Links to relevant discussions (where appropriate): Wikipedia:Bot requests#coordinates type= in Template:Infobox settlement (perm), also here (perm), and here (perm)
Edit period(s): One time one, with occasional patrols as necessary
Estimated number of pages affected: close to 160,000 200,000
Exclusion compliant (Y/N): Y
Already has a bot flag (Y/N): Y
Function details: (Modified from original) The bot will use the |subdivision_name=
& |subdivision_name1=
parameters to generate a new parameter, |coordinates_region=
. This is currently done through parserFunctions and fairly expensive template calls to {{CountryAbbr}} which are asserted to have a noticeable slowing effect when editing settlement articles.

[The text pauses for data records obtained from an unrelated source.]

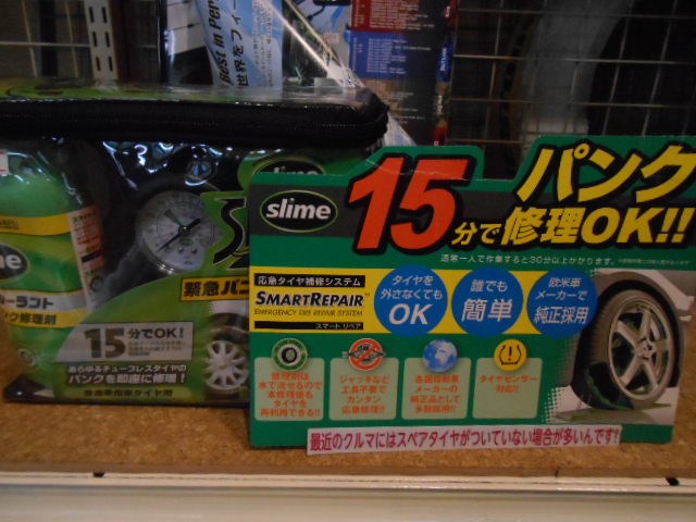 パンク修理剤!! ポスト 2018年8月24日 こんにちは、タイヤ館 所沢です。 本日のオススメ商品はスライム スマートリペア パンク修理剤のご紹介です。 内容物は修理剤とシガーソケット式エアーコンプレッサー付きです。 一度修理で修理剤を使い切っても、修理剤だけでの取り寄せもできる優れものです。 詳しい内容は当店スタッフまでお尋ね下さい!! もちろん、当店でのパンク修理も承っておりますので、お気軽にご来店下さい。 タイヤ交換なら、タイヤ館 所沢へ!! ご来店をお待ちしております。
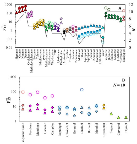 Figure 1 shows the experimental , measured at 353.2 K and 413.2 K. The highest temperature was selected for the less-volatile terpenoids (bottom panel). Due to the long retention times of the phenolic terpenoids (eugenol, carvacrol, and thymol) and the TCD detector sensitivity limit, these solutes were not analyzed in the equimolar mixture.
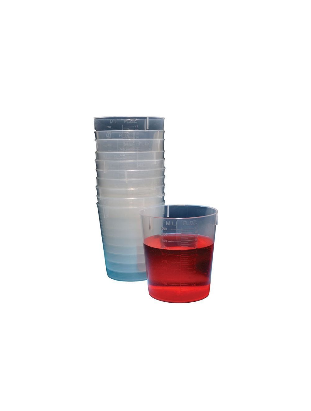 Polypropylene beakers are highly flexible - a gentle squeeze creates a spout anywhere on the rim. Stacking the ribs prevents the beakers from sticking together. Autoclavable.
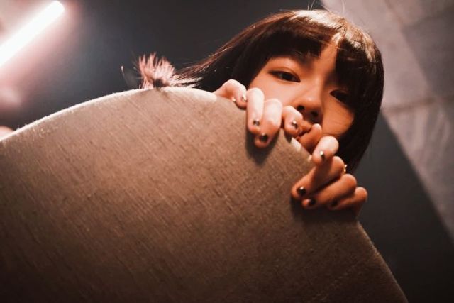 少女从沙发上探出了头似笑非笑的看着你。
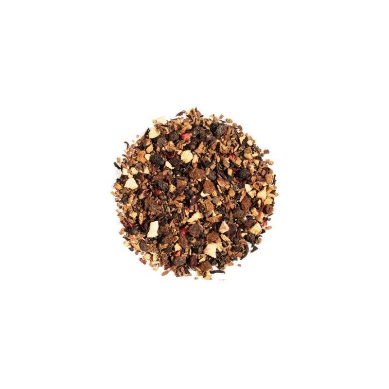 L'infusion Glög contient des raisins*(15%), de l'hibiscus*(14%), du cassis*(11%), de la cannelle*, des écorces de citron*, de la cardamone*, de la réglisse*, des arômes d'amande, de cannelle et de cassis. Sans théine, elle se boit toute la journée et tout l'hiver !
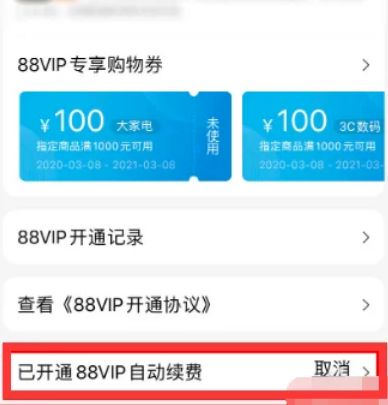 5、进入我的88VIP页面完成后,将页面拉到最后点击已打开88VIP自动续费。
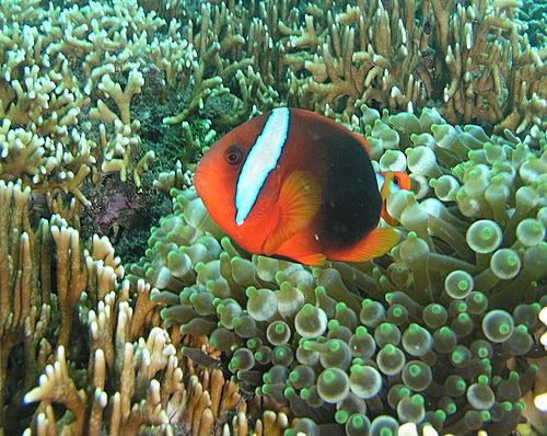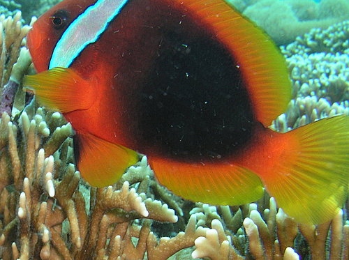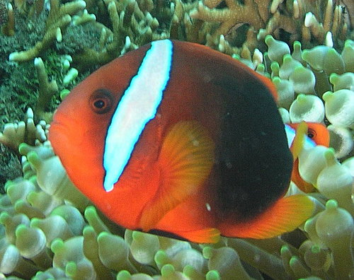 Common name: Red tomato clown; Onebar anemonefish; Red clown; Tomato anemonefish; Tomato clownfish; Blackback anemonefish; Bridled anemonefish; Fire clown

| coordinates_region = {{subst:CountryAbbr|$SUBDIVISION_NAME|$SUBDIVISION_NAME1|subst=subst:}}
The bot will also set |coordinates_display=inline,title
where appropriate (see #Revision to functionality for additional details).
Discussion
edit- The bot should also work on articles that use {{Geobox}}, since its internal {{Geobox2 coor}} and {{Geobox2 coor title}} templates also uses CountryAbbr and its ilk. The problem there is that multiple
xxx_coordinates_type
fields are possible. - Also, perhaps the simple subst solution you propose might not be the best idea, long-term. I think it's a good idea to build the parameter string to {{coord}} based on other existing infobox parameters (e.g. use the population field for city types) and that coding within Infobox settlement and Geobox seems sound. The only problem we need to fix is the parsing of country/subdivision/etc. fields to construct the ISO region string. Therefore, I think a better solution here might be to add a new
coordinates_region
parameter to Infobox settlement and Geobox, so that the ISO region string is specified directly, and then use this bot to add that line of markup to all the affected geographical articles.
| coordinates_region = {{subst:CountryAbbr|$SUBDIVISION_NAME|$SUBDIVISION_NAME1|subst=subst:}}
— Andrwsc (talk · contribs) 22:31, 17 March 2010 (UTC)[reply]

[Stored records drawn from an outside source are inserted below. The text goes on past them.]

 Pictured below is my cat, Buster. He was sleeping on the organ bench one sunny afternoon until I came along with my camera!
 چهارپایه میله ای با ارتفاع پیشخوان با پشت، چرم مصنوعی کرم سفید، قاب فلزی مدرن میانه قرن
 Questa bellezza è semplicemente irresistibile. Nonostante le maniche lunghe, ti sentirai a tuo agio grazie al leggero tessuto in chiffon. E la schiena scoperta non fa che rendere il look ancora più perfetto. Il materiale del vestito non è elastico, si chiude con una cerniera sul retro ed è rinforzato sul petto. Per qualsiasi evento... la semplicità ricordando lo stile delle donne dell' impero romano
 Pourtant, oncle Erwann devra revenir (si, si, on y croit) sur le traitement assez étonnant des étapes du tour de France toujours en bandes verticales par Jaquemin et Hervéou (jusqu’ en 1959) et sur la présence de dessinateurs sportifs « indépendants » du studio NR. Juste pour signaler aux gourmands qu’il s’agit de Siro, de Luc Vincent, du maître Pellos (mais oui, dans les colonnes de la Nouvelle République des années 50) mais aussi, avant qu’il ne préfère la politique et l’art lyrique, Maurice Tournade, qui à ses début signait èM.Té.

- For my part this makes things worlds easier, so I'll modify the task to suit the new parameter(s). –xenotalk 23:36, 17 March 2010 (UTC)[reply]
- How long would you think the bot would need to get through all those articles? I'm wondering if we need to create some intermediate "backwards compatibility" mode for the infobox templates during the time we transition from CountryAbbr? Or perhaps just make the final infobox template changes immediately prior to the bot run and let 'er rip? — Andrwsc (talk · contribs) 23:45, 17 March 2010 (UTC)[reply]

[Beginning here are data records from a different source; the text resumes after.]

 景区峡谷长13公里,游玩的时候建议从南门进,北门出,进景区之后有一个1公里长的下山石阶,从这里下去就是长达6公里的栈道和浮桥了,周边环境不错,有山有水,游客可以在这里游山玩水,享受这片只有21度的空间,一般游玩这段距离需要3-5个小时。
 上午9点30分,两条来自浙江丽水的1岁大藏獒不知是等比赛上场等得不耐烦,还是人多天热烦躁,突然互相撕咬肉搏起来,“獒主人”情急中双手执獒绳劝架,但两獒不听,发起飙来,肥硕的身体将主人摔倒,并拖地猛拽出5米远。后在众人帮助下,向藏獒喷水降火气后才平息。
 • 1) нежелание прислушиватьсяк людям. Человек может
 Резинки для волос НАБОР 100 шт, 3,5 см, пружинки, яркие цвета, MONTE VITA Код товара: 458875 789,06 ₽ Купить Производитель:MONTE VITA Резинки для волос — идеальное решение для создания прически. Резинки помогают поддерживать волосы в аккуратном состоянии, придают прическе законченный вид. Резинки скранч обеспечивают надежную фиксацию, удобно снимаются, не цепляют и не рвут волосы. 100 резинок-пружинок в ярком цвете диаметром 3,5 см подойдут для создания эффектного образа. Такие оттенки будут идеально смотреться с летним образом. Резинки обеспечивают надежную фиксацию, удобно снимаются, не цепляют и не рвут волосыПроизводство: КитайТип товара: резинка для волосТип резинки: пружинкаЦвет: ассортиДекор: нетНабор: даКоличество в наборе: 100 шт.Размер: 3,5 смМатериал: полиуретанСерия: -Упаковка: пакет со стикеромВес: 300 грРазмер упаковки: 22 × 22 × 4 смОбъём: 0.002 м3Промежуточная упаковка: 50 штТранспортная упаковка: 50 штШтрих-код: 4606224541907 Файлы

- There are close to 200,000 infobox settlements so it will definitely take some time. =) (14 days @ 10 epm) –xenotalk 00:10, 18 March 2010 (UTC)[reply]
- How long would you think the bot would need to get through all those articles? I'm wondering if we need to create some intermediate "backwards compatibility" mode for the infobox templates during the time we transition from CountryAbbr? Or perhaps just make the final infobox template changes immediately prior to the bot run and let 'er rip? — Andrwsc (talk · contribs) 23:45, 17 March 2010 (UTC)[reply]
- The bot will also strip out commas from population totals, which (correct me if I'm wrong) aren't valid inputs to coord. –xenotalk 00:46, 18 March 2010 (UTC)[reply]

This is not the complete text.